A questi tipi di potere si aggiungono le strategie per accrescere il potere: cercare di piacere;
“mettere il piede nella porta”, strategia in due fasi basata sul bisogno di essere coerenti con gli
impegni presi; “il colpo basso”, sempre in due fasi, ad es. offrire un oggetto a prezzo basso e poi
improvvisamente alzare il prezzo la seconda volta; far apparire la cosa difficile da ottenere; dare
l’impressione che ci sia poco tempo; e infine il classico “…e questo non è tutto!”.
Obbedienza all’autorità
Gli esperimenti realizzati da STANLEY MILGRAM hanno posto l’attenzione sull’enorme potere che
deriva all’autorità legittima. Ai volontari veniva detto che si doveva studiare l’effetto delle
punizioni sull’apprendimento. Il materiale era costituito da una lista di parole da memorizzare: i
partecipanti dovevano lavorare a coppie, uno come insegnante e l’altro come allievo.
L’assegnazione dei due ruoli era apparentemente casuale, in realtà i soggetti ingenui dovevano
svolgere unicamente il ruolo di insegnante (ovviamente a loro insaputa). L’insegnante (soggetto
ingenuo) doveva leggere una lista di parole da memorizzare, e ogni volta che l’allievo (un
confederato) commetteva un errore, l’insegnante doveva punirlo con una scossa elettrica, che
sarebbe diventata sempre più forte con il progredire degli errori. Ai partecipanti veniva mostrato un
finto apparecchio per l’elettroshock. I confederati erano preparati a fornire le risposte in modo da
commettere un errore ogni tre risposte esatte. La procedura prevedeva inoltre che lo sperimentatore
stimolasse i partecipanti dubbiosi con affermazioni di crescente pressione, come «per favore
continui», «l’esperimento richiede che lei continui», «è assolutamente essenziale che lei continui».
L’esperimento veniva videoregistrato, e alla fine al soggetto si diceva la verità, assicurandosi che si
trovasse in uno stato d’animo non troppo negativo.

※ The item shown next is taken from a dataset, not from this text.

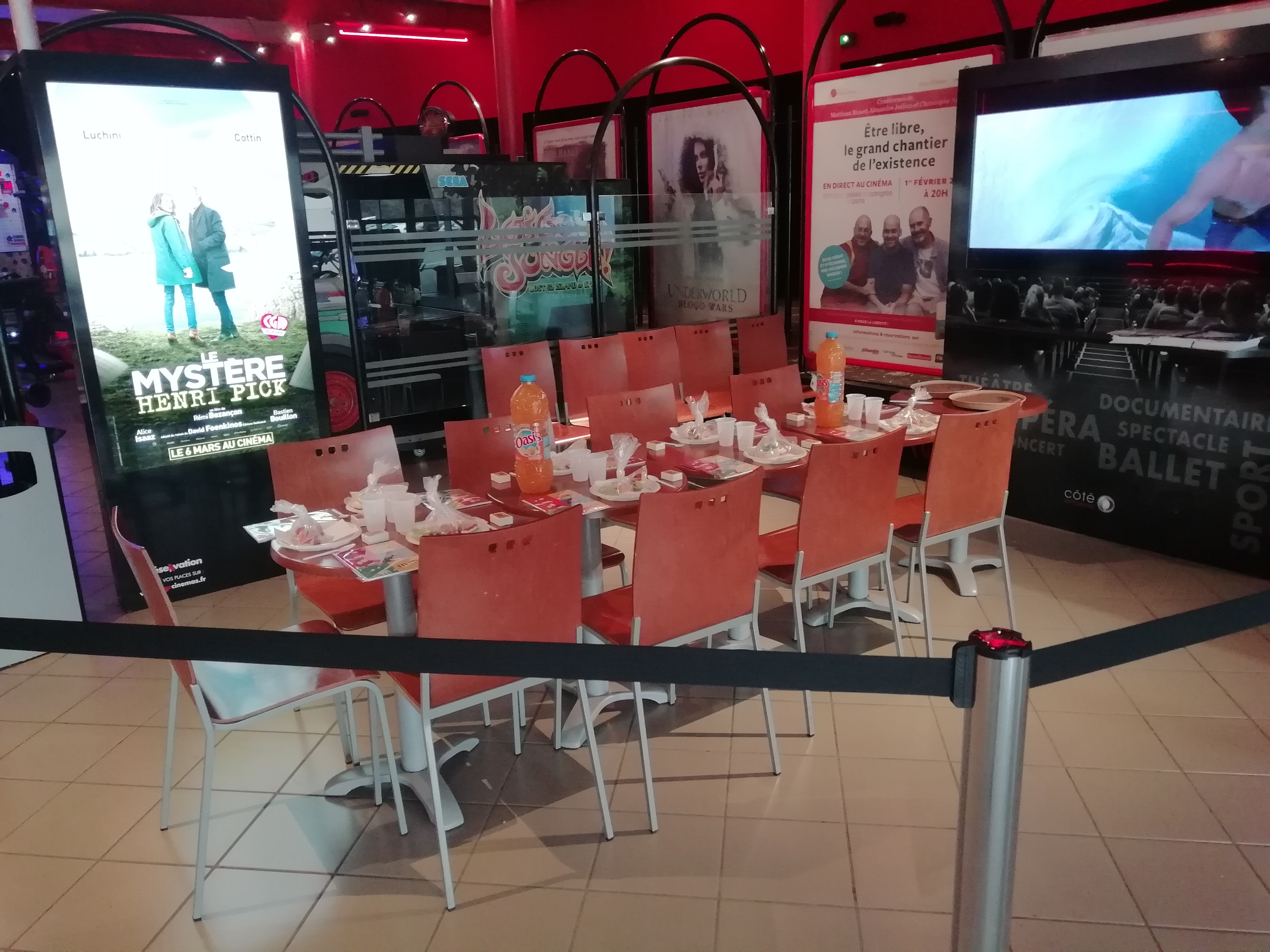 Très bon endroit Plusieurs jeux sont à disposition en attendant la séance Faudrait avoir quelqu'un en continue pour la vente des boissons et sucreries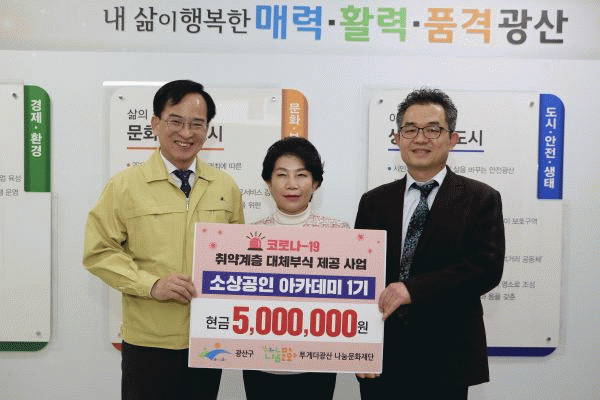 [¹Ìµð¾îÀü³² ±èÁ¤¿ì ±âÀÚ]ÀÚ¿µ¾÷ÀÚ °æ¿µ ¿ª·® °È¸¦ À§ÇØ ±¤»ê±¸°¡ Áö³ÇØ 5~7¿ù ÁøÇàÇÑ ¡®¼Ò»ó°øÀξÆÄ«µ¥¹Ì¡¯ 1±â ¼ö·áÀÚµéÀÌ, 13ÀÏ Äڷγª19 ¿©ÆÄ·Î ¾î·Á¿òÀ» °Þ°í ÀÖ´Â ¾î¸£½ÅµéÀ» À§ÇØ ½á´Þ¶ó¸ç 500¸¸¿øÀ» ±¤»ê±¸¸¦ ÅëÇØ Åõ°Ô´õ±¤»ê¡¦

Milgram si aspettava che solo pochi avrebbero obbedito. I risultati invece furono molto diversi: il
65% dei partecipanti obbedì ciecamente, somministrando (finte) scosse fino ad intensità
considerevoli. Tuttavia, l’obbedienza venne accompagnata da fortissime manifestazioni di
nervosismo.
Tale studio fu sottoposto a severe critiche di natura etica. Milgram, comunque, sostenne che per
spiegare l’obbedienza si dovevano tenere in considerazione le seguenti caratteristiche:
1) i soggetti partecipavano a un esperimento scientifico, perciò erano rispettabili e facevano parte
di una prestigiosa università;
2) i soggetti partecipavano liberamente e volevano tener fede all’impegno preso;
3) i soggetti si trovavano in una situazione ambigua nella quale esistevano pochi standard di
riferimento;
4) i soggetti si trovavano ad operare in tempi molto ridotti.